Exercise aim:
From the listing below, set down exactly the lines between the one holding "윤기 있고 톤 개선됨 |" and the one holding "Jade Plus Reception", inclusive. No other line is wanted.

Given data:
◇ ◇ ◇

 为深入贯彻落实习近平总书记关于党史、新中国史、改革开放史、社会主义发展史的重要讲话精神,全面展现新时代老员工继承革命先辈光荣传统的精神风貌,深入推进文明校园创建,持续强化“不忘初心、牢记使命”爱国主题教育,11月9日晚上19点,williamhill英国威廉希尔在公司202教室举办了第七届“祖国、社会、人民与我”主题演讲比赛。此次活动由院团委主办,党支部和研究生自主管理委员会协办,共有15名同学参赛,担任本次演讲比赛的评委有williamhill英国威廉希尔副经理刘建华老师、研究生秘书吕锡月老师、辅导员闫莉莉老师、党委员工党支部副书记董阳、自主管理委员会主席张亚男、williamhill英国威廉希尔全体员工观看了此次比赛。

◇ ◇ ◇

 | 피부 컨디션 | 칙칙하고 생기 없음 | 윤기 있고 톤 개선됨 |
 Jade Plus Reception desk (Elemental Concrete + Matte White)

◇ ◇ ◇

Answer to the exercise:
 | 피부 컨디션 | 칙칙하고 생기 없음 | 윤기 있고 톤 개선됨 |
 Jade Plus Reception desk (Elemental Concrete + Matte White)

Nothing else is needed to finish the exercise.